Synthetic Lethality in CCNE1-amplified High Grade Serous Ovarian Cancer Through Combined Inhibition of Polo-like Kinase 1 and Microtubule Dynamics

Sabrina Noack et al. Oncotarget. .
Free PMC article

Abstract

The taxanes are effective microtubule-stabilizing chemotherapy drugs that inhibit mitosis, induce apoptosis, and produce regression in a fraction of cancers that arise at many sites including the ovary. Novel therapeutic targets that augment taxane effects are needed to improve clinical chemotherapy response in CCNE1-amplified high grade serous ovarian cancer (HGSOC) cells. In this study, we conducted an siRNA-based kinome screen to identify modulators of mitotic progression in CCNE1-amplified HGSOC cells that may influence clinical paclitaxel response. PLK1 is overexpressed in many types of cancer, which correlates with poor prognosis. Here, we identified a novel synthetic lethal interaction of the clinical PLK1 inhibitor BI6727 and the microtubule-targeting drug paclitaxel in HGSOC cell lines with CCNE1-amplification and elucidated the underlying molecular mechanisms of this synergism. BI6727 synergistically induces apoptosis together with paclitaxel in different cell lines including a patient-derived primary ovarian cancer culture. Moreover, the inhibition of PLK1 reduced the paclitaxel-induced neurotoxicity in a neurite outgrowth assay.
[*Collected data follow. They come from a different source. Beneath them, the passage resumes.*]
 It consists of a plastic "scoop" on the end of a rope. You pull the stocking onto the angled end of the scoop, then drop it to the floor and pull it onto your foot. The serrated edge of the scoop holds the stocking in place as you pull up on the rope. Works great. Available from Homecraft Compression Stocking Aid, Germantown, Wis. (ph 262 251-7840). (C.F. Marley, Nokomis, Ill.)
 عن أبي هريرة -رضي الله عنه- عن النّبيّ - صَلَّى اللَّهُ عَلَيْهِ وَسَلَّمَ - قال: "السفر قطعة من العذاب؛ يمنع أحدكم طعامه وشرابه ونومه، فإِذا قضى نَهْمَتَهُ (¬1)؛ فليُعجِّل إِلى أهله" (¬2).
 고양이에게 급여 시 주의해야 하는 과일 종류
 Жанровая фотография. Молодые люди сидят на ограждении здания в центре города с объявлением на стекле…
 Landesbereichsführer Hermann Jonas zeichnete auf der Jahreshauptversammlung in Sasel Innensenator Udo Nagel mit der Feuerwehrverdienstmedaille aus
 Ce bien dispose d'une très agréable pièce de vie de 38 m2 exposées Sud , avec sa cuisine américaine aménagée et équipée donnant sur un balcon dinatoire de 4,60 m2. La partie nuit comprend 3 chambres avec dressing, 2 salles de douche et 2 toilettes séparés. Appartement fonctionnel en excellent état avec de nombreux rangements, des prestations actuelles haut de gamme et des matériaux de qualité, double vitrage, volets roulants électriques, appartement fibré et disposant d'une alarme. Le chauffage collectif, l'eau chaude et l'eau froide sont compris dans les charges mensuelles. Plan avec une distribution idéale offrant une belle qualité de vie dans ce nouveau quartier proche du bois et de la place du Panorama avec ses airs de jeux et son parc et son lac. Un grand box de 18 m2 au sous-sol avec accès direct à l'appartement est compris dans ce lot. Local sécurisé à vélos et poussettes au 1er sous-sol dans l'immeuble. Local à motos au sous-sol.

Mechanistically, the combinatorial treatment with BI6727/paclitaxel triggers mitotic arrest, which initiates mitochondrial apoptosis by inactivation of anti-apoptotic BCL-2 family proteins, followed by significant loss of the mitochondrial membrane potential and activation of caspase-dependent effector pathways. This conclusion is supported by data showing that BI6727/paclitaxel-co-treatment stabilizes FBW7, a component of SCF-type ubiquitin ligases that bind and regulate key modulators of cell division and growth including MCL-1 and Cyclin E. This identification of a novel synthetic lethality of PLK1 inhibitors and a microtubule-stabilizing drug has important implications for developing PLK1 inhibitor-based combination treatments in CCNE1-amplified HGSOC cells.

Keywords: cell cycle; ovarian cancer; paclitaxel; protein kinases; sensitization.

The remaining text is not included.